Pero, por otro lado..., siempre me he preguntado cómo sería.
La dama me
observó pensativa.
—¿Lo ves? En
eso tampoco eres como los otros. En fin, quizá nos estemos engañando. En todo
caso, las otras instructoras y yo pensamos que debíamos prevenirte. No te
asustes si sucede, Kira. No es doloroso, aunque la primera vez algunas personas
confundan lo que sienten con dolor. Supongo que dentro de un rato irás a
reunirte con tu familia para el banquete de despedida.
—Va a venir mi
hermano a recogerme. Mi madre estará preparando los pasteles de cordero con
almendra que siempre me hace por mi cumpleaños.
La dama
asintió.
—Solo una
última cosa, muchacha.

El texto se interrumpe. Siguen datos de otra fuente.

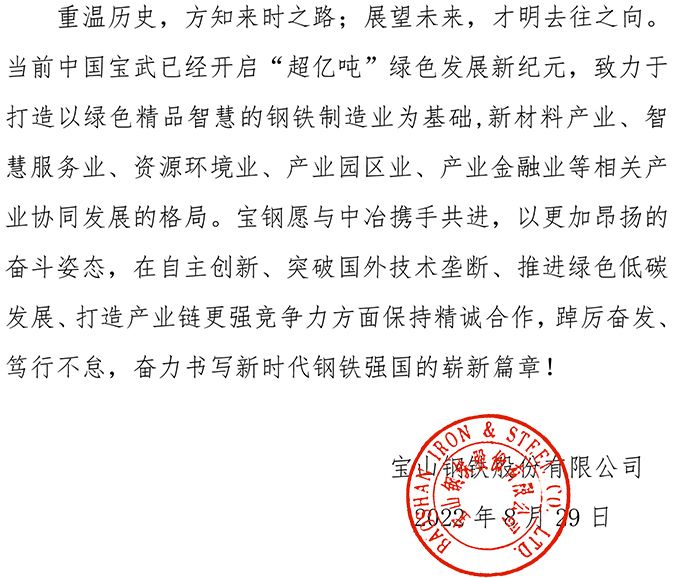 宝钢在感谢信中指出,中冶集团与中央广播电视总台联合制作播出的《国家记忆》之“大国钢铁”专题纪录片,通过诸多珍稀影像资料和亲历者讲述,全面系统地记录了新中国钢铁事业发展历程,对于进一步引导全体钢铁人传承红色基因、汲取奋进力量具有重大历史意义和现实意义。尤其是第四集《历史的跨越》与第五集《百炼铸辉煌》中对宝钢建设的历史记忆,不仅让宝钢人重温了那段与中冶人并肩作战激情澎湃的“火红岁月”,也让全体钢铁人对邓小平同志“历史将证明,建设宝钢是正确的”这句话有了更深层次的理解。借此专题纪录片热播之机,我们对中冶集团多年来为宝钢建设作出的巨大贡献表示衷心的感谢!对中冶集团在中国钢铁事业上所取得的卓越成绩表示诚挚的祝贺!对为了践行历史使命而默默奉献的所有中冶人致以崇高的敬意!宝钢愿与中冶携手共进,以更加昂扬的奋斗姿态,在自主创新、突破国外技术垄断、推进绿色低碳发展、打造产业链更强竞争力方面保持精诚合作,踔厉奋发、笃行不怠,奋力书写新时代钢铁报国、钢铁强国的崭新篇章!

Puede que, en tu caso, la despedida no sea solo un
nombre que se le da a esa comida por costumbre. Puede que sea una despedida
real.
Sentí un vacío
en el estómago al comprender que la instructora hablaba en serio.
—Lo tendré en
cuenta —dije—. Por si acaso.
—Hazlo, Kira.
Yo no lo hice, no me despedí de ellos verdaderamente. Nunca se me pasó por la
cabeza que jamás volvería a verlos. No sabes cuánto me he arrepentido.
—Debe de ser
muy duro —murmuré con un hilo de voz.
—Lo es. Pero
si ocurre, no debes tener miedo. No estarás sola, no del todo. Los dones te
separan de tus seres queridos, pero te acercan a otras personas: hombres y
mujeres que comparten tu don... Una nueva familia, Kira. Tu hermandad.